C / asm / long整数 [英] C / asm / long ints
问题描述
前段时间我试图使用C中的
数组来计算大数的阶乘,我在C中写的数组编码的整数arithemetic
非常慢,它将需要几乎一秒的时间来乘以2个数组
编码的整数。我心不在焉地看着C的大型精度库,特别是GMP,但是我无法让它与我的编译器一起运行,
很多时候找不到一些头文件。我很好奇接口C和asm的最佳方式是什么,这样我就可以在asm中编写simmilar库
并在C中使用它。
有什么想法吗?
A while back i tried to calculate factorials of large numbers using
arrays in C, the array encoded integer arithemetic that i wrote in C
was very slow, it would take almost a second to multiply 2 array
encoded integers. resently i looked at large precision libraries for C,
in particular GMP but i was unable to get it to run with my compiler,
aperantly some header files were not found. I was curious what is the
best way to interface C and asm so that i could write simmilar library
in asm and use it in C.
Any ideas?
推荐答案
fermineutron说:
fermineutron said:
一段时间后我试图用C中的
数组来计算大数的阶乘,我在C中写的数组编码整数arithemetic非常慢,它将需要几乎一秒的时间来乘以2个数组
编码的整数。我心不在焉地看着C的大型精度库,特别是GMP,但是我无法让它与我的编译器一起运行,
很多时候找不到一些头文件。我很好奇接口C和asm的最佳方式是什么?这样我就可以在asm中编写simmilar库
并在C.
中使用它
A while back i tried to calculate factorials of large numbers using
arrays in C, the array encoded integer arithemetic that i wrote in C
was very slow, it would take almost a second to multiply 2 array
encoded integers. resently i looked at large precision libraries for C,
in particular GMP but i was unable to get it to run with my compiler,
aperantly some header files were not found. I was curious what is the
best way to interface C and asm so that i could write simmilar library
in asm and use it in C.
汇编语言不是一个魔术棒,你可以挥手将坏算法转换成好的算法。如果你的C程序不够快,你的程序集
语言例程也不太可能足够快。
选择更好的算法。然后在C中实现它们。
-
Richard Heathfield
Usenet是一个奇怪的地方 - dmr 29/7/1999
http://www.cpax.org.uk
电子邮件:rjh在上面的域名(但显然放弃了www)
Assembly language is not a magic wand you can wave to turn bad algorithms
into good ones. If your C routines weren''t quick enough, your assembly
language routines are very unlikely to be quick enough either.

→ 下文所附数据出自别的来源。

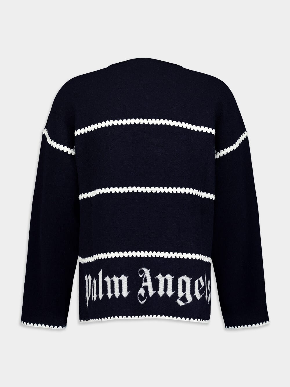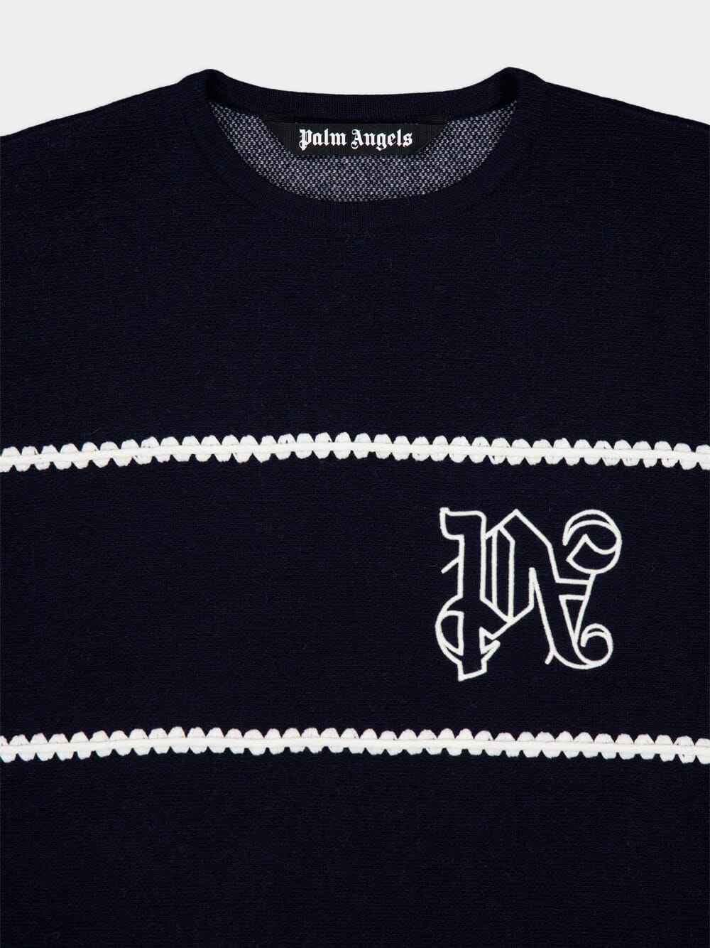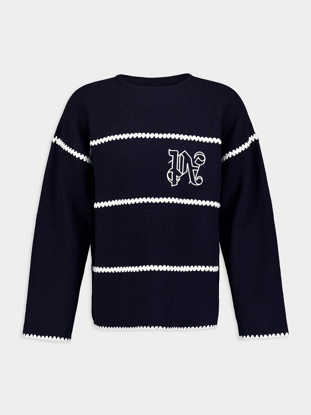 Embroidered-Monogram Striped Jumper, crafted with a luxurious wool blend, this sweater offers the finest in warmth and softness, ideal for chilly days. Its impeccable knitted construction ensures durability and a snug fit. Adorned with a chic horizontal stripe pattern and contrasting trim, this jumper exudes timeless elegance. The focal point, an exquisitely embroidered monogram at the chest, adds a personalized touch. With a classic crew neck, long sleeves, and a sleek straight hem, this jumper is a must-have addition to your wardrobe.

Choose Better Algorithms. Then implement them in C.
--
Richard Heathfield
"Usenet is a strange place" - dmr 29/7/1999
http://www.cpax.org.uk
email: rjh at above domain (but drop the www, obviously)
fermineutron写道:
fermineutron wrote:
一段时间我试图用C中的
数组计算大数的阶乘,我编写的数组编码整数arithemetic在C
非常慢,需要差不多一秒才能乘以2个数组
编码的整数。我心不在焉地看着C的大型精度库,特别是GMP,但是我无法让它与我的编译器一起运行,
很多时候找不到一些头文件。我很好奇接口C和asm的最佳方式是什么,这样我就可以在asm中编写simmilar库
并在C中使用它。
有什么想法吗?
A while back i tried to calculate factorials of large numbers using
arrays in C, the array encoded integer arithemetic that i wrote in C
was very slow, it would take almost a second to multiply 2 array
encoded integers. resently i looked at large precision libraries for C,
in particular GMP but i was unable to get it to run with my compiler,
aperantly some header files were not found. I was curious what is the
best way to interface C and asm so that i could write simmilar library
in asm and use it in C.
Any ideas?
可能更容易弄清楚如何让GMP
在您的系统上运行。值得努力。
It would probably be easier to figure out how to make GMP
work on your system. And worth the effort.
fermineutron写道:
fermineutron wrote:
一段时间我试图计算在C中使用
数组的大数阶因子,我在C中写的数组编码整数arithemetic
非常慢
A while back i tried to calculate factorials of large numbers using
arrays in C, the array encoded integer arithemetic that i wrote in C
was very slow
您可能可以编写程序集来处理您在
中执行的操作,您的乘法程序慢一点,但我怀疑你是什么
*真正想要的是从更高的数学中借用的东西:FFT的乘法。
http://numbers.computation.free.fr/C...ithms/fft.html
此主题的变体是在各种编程中发现
涉及真正大数字的情况,在你自己的实验中你偶然发现了这个应用程序划伤的痒蟑螂。
如果是n的近似解!在你的应用程序中很有用,
斯特林在18世纪给了我们一些东西,它们在今天的计算中找到各种各样的用途:
http://mathworld.wolfram.com/Stirlin...oximation.html
如果你在大学里学习计算机科学,你会看到
斯特林在第一道离散数学课程中的公式和DFT
(离散傅立叶变换)将在各种算法和自动机课程中回来困扰你几次。 (或者至少它*应该*;
一些学校似乎并没有真正教授计算机科学。)
You probably could write assembly to to the manipulations that you do in
your multiply procedure "a little less slowly", but I suspect what you
*really* want is something borrowed from higher maths: The FFT multiply.
http://numbers.computation.free.fr/C...ithms/fft.html
Variations on this theme are found in all kinds of programming
situations where really big numbers are involved, and in your own
experiments you stumbled upon the itch that is scratched by this approach.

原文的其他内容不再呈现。